從衣櫥拿出最大只的銀灰色皮箱。空蕩的房間裡,一個女人和一只佈滿灰塵的皮箱沈默對峙。
她盯著靜靜躺在地上的,隱藏著已經發酵了的祕密。
一件曾是奶油白,今已泛黃的絲質長禮服。
一封女孩臨終寄出的求救信。
一個信件夾,裡面全是二十年前,現在仍然觸動她的心弦的娟秀字跡。
那個男孩長大後,成了外貌英俊的男人,與她相戀相守過深刻影響她一輩子的一段日子。五年前,她再無法忍受男人心裡的惡魔和永遠長不大的孩子氣,也不願意再承受她這麼愛他付出這些不公平的,完全無法想像他願意回報、無法預期他何時成長丟棄那自私霸道的個性。
她不安。彷彿是一輩子脫逃不掉的墜墜惶然的活著。
面對家人是這樣的,在故鄉是這樣的,就算是將自己流放異鄉那段不短的時間亦然。就這麼惴惴不安的呼吸,在乎別人看自己的眼光。彈琴、拉琴也是這樣。
“You've got to let go. Only when you let yourself go will your music take wings!"

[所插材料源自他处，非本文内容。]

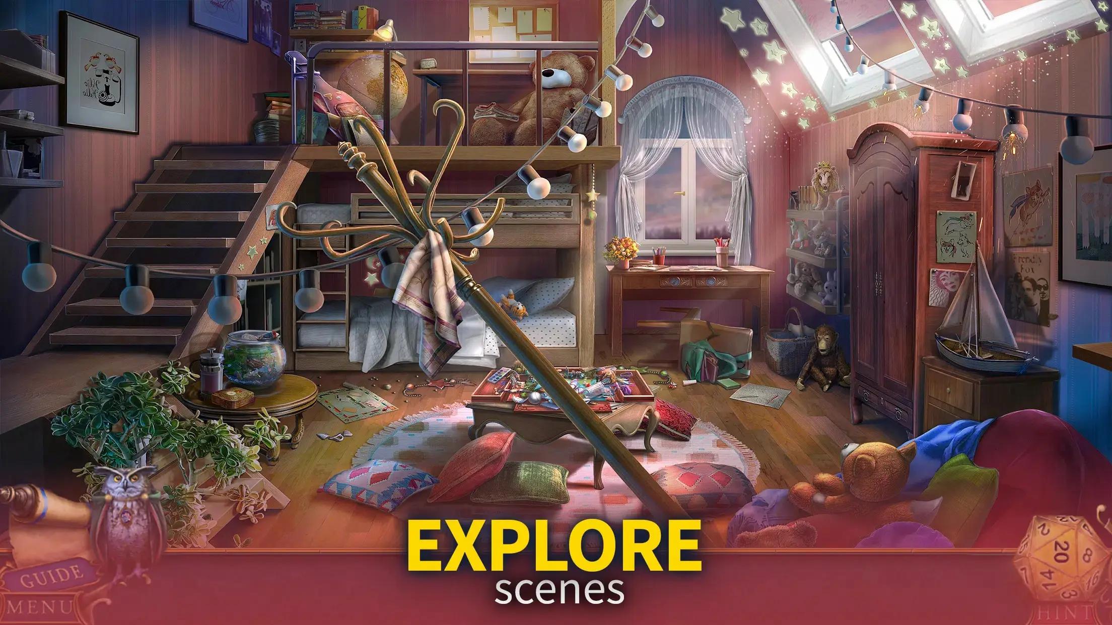 发挥您的观察力,找到所有隐藏的物体。在这个迷人的游戏中,浏览精美的迷你游戏和脑筋急转弯,解决非凡的难题,并收集隐藏的线索。

德雷西老師這麼說著,她聽著,低頭不語。無時無刻牽著她勾著她的那一條琴弦,竟是如此深刻疼痛的撕扯拖拉著。心臟總是懸在迸爆撕裂的邊緣。那個夏天就這麼草率的在練琴發表會之中,草草結束。
她害怕面對父母親失落的眼神,害怕聽見年節時候周遭長輩關懷的言語。她害怕面對二妹空蕩的房間:每每倒臥在房中房的和室間裡,她彷彿依稀聽見二妹的笑聲,想起和二妹熬夜促膝長談的歲月啊。
那年輕美麗的歲月。那年少懵懂的少女。還有當時以為永遠不會失去的希望和生存的勇氣。
二妹匆忙之間離世,混亂惶恐絕望意決的心境,也許一如她發現他出軌一時之間的暴亂渾濁,彷彿再看不清楚再聽不見,也再無法相信任何人的一般氣憤決絕。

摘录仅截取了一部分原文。